Geffen’s ineffable, je ne sais quoi eye for talent and fortuitous timing eventually enabled his success with movies. He took on the Tom Cruise star vehicle “Risky Business” when no one else would read the script, and followed up with a series of hits including “Lost in America” with Albert Brooks, “Little Shop of Horrors” and “Interview With the Vampire.” It is clear, however, that Geffen’s heart was never in the movie business in the same way it was in music. By 1990, he was getting restless. He sold Geffen Records to MCA (now Universal Music Group) for an unprecedented $550 million in stock, and when the Japanese company Matsushita purchased MCA, Geffen’s stock had risen to almost a billion in cash.

Geffen worked hard and played hard, achieving a lifestyle of decadence and glamour to match his Herculean work ethic. Though he has always lived as an openly gay man, the documentary makes no mention of any significant relationship with another man; instead Lacy portrays his 18-month romance with movie and music diva Cher as the one great love of his life. “It was the greatest high I had ever experienced,” Geffen said. After they broke up, Esquire magazine ran a cover story about Cher under the headline, “Who Is Man Enough For This Woman?” Geffen confessed: “Clearly I was not.” 

The AIDS crisis compelled him to finally, officially “come out.” As friends attest, the difference between quietly living as openly gay and making a public declaration about his identity was significant. It meant “freedom” for him, the designer Calvin Klein says in the movie. Geffen kick-started his philanthropic side when he became a pioneering donor to AIDS research, and he admitted that, for a time, he feared he had the disease. “Every time I took a shower I looked at my body to see if there were marks,” he recounts in the film. 

Cher and David GeffenCher and David Geffen. Photo by Nate Cutler/Globe Photos/Zumapress.com/Newscom

By the time Steven Spielberg and Jeffrey Katzenberg approached him to help them co-found DreamWorks, in 1994, Geffen, by then 51, had one foot in retirement. He had become more interested in political fundraising (he was close with the Clintons before he switched to Barack Obama) and enjoying his extravagant lifestyle.

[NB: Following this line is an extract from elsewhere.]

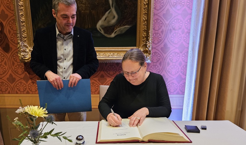 Unter den Augen von Bürgermeister Thomas Herker trägt sich Brigitte Menacher, die mit der bronzenen Stadtmedaille ausgezeichnet wurde, ins "Goldene Buch" der Stadt ein.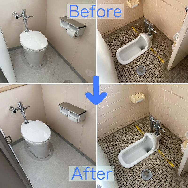 2年生のトイレは少し古いので、怖がる子供もいるのですが、そんな子供たちが安心して入れるようにと、ベテランの保護者の方々が明るいトイレを目指し、壁や床までピカピカに!

Still, he helped DreamWorks “overcapitalize” — his strategy for how a movie studio could succeed — by raising $2 billion dollars in just a few weeks, although from the start he had little interest in the day-to-day running of the studio.

Once the man-about-town, Geffen today is an enigmatic presence in Hollywood, his name more likely to appear on buildings — the Geffen Contemporary at MOCA, the Geffen School of Medicine at UCLA, the Geffen Playhouse in Westwood — than in the headlines. After his meteoric rise and novel achievements, sources say that that he is now content to play a quiet, behind-the-scenes role as advisor and mentor to his many successors. 

“He’s a kibitzer,” former Los Angeles Times columnist Patrick Goldstein told me. “There are generations of people in music and film who call him for advice all the time — and he loves to give advice, and he’s very good at giving advice. He’s like the Cardinal Richelieu of the entertainment business.”